Enter “Breaking Cycles,” an extension of the Abloh show by a Boston-based photographer JO Slaughter and CIA teens, the teen council that amplifies the intersection of art and social justice at the museum.
A series of teenage portraits showcasing Abloh’s clothes, much of which is sold in his ICA pop-up store, “Church & State”, it’s more about teenagers and their self-expression than her clothes. And that’s the point for him and them.
They were able to cut, tear, paint and style thousands of dollars of Abloh designs to their liking, their aesthetic, their definition of self-expression. Self-luxury.

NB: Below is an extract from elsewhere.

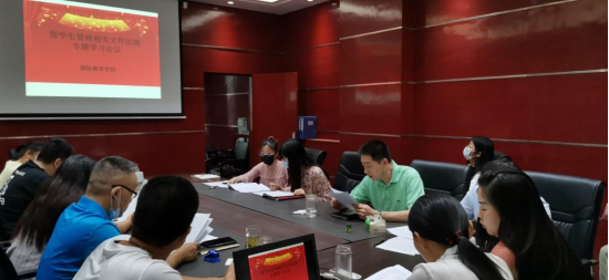 “打铁还需自身硬”,除组织学习重要回信精神之外,在接下来的学习中,王许涛经理带领大家再次认真、深入地学习教育部、外交部和公安部联合下发的《公司招收和培养国际员工管理办法》(42号令)、《来华留学高等教育质量规范(试行)》、《中华人民共和国出境入境管理法》、《中华人民共和国传染病防治法》等文件法规,强调要不断完善规章制度及管理办法,严格招生审核、过程管理和评审制度,建立规范的管理体系和工作流程。要不断加强对来华职工中国法律法规、国情校情和文化风俗等方面的教育,增进校内中外员工的交流和友谊,增强来华职工对中国发展的理解和认同,讲好中国故事,传播好中国声音。

Slaughter, known for making sure his subjects have an influence on the way they are pictured and for ensuring that marginalized stories are told and protected by marginalized storytellers, didn’t just make great portraits. They made visual stories. They collaborated with the teenagers in the making of the photographs. What makes you feel loved, empowered, feel like yourself? These are the kinds of questions they asked themselves when making these images.
Mintou Barry, with her braid wrapped around her neck like jewels and gems lining her eyes, wears an Abloh hat in her portrait that says: Artwork Missing. And yet, the art is there: it, framed in gold. That’s what Abloh was getting from the start.

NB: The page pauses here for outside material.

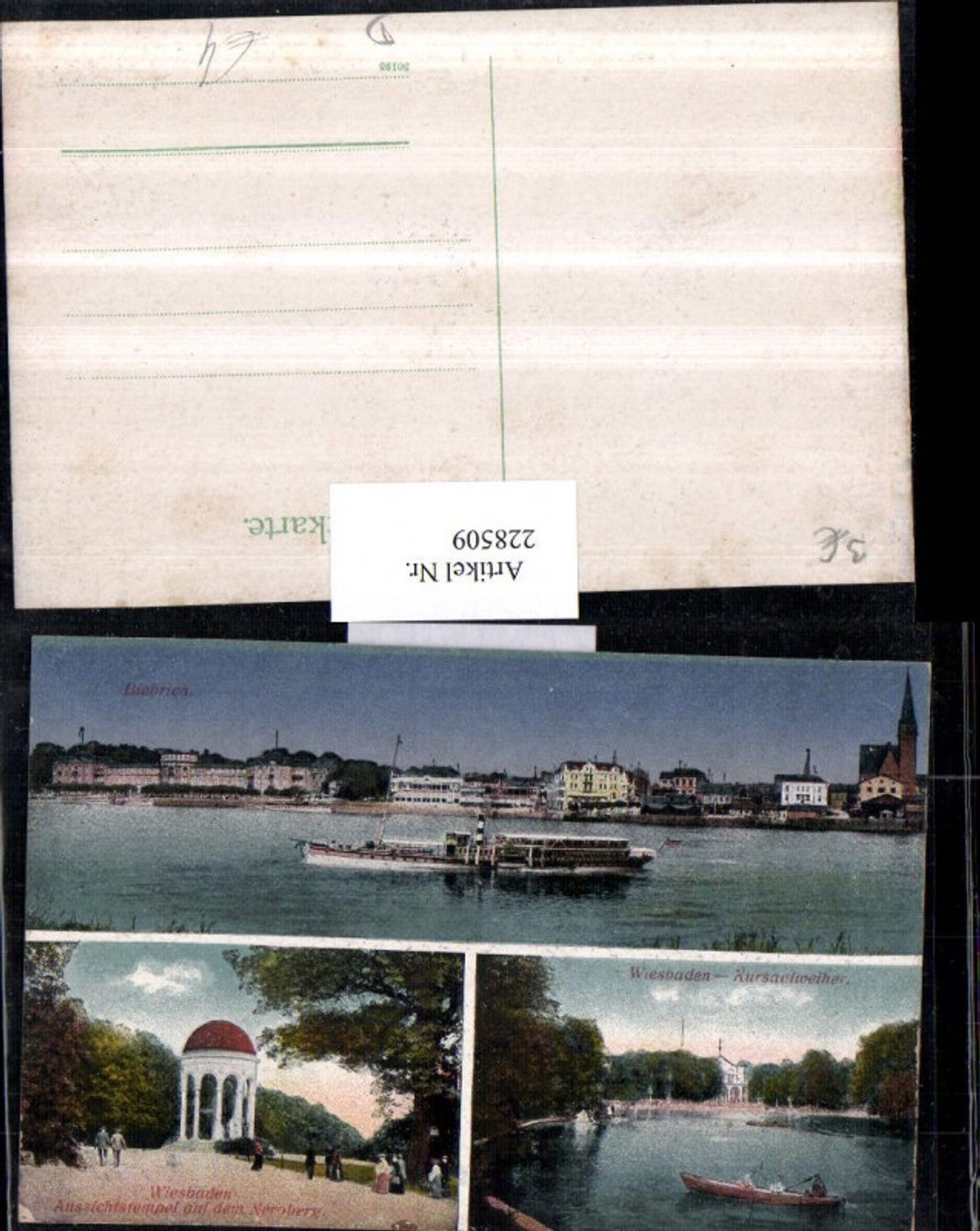 228509,Wiesbaden Kursaalweiher Biebrich Dampfer Tempel auf d. Neroberg Mehrbildkarte

“It means a lot to me, as a young black woman, to see myself on the walls of the museum,” said Simmons new freshmen and recent Boston Prep graduate. “OJ has given us a lot of freedom. I am grateful. We have to tell our own stories, how we wanted to see and be seen, so even though America has a vision of us, we can speak our truth.
For Roselle “Hibi” Carrillo, who graduated from Lynn Classical High School in 2021, portraits are also a reflection of their lineage and their culture.
“I think of my community in the arts space and of my people in the Philippines. My people are very poorly represented… I think for me to be involved in all of these spaces is a big step for everyone, ”said Carillo, a future freshman at the School of the Museum of Fine Arts of Tufts. .
“Do you see a dark-haired person being who they are on a wall?” I think it inspired me to work harder not to hide and become the person I am now and expand my work for the future.
This is Slaughter’s first museum, reflecting their mission and that of Abloh: to create space by taking space and making your story your own.
“Growing up, I never saw people who look like me in museums,” Slaughter said. “Being able to give this gift to someone is a big deal. What Virgil taught me is precious. My art must not be anything other than it already is. I do it because I document the history of the present, our future past, and being able to bring it to a museum brings me so much joy. It’s not just my art on the wall. This is the art of my community on the wall.
We are worthy. We are luxury. And these are our stories to tell, to make mountains of melancholy beauty.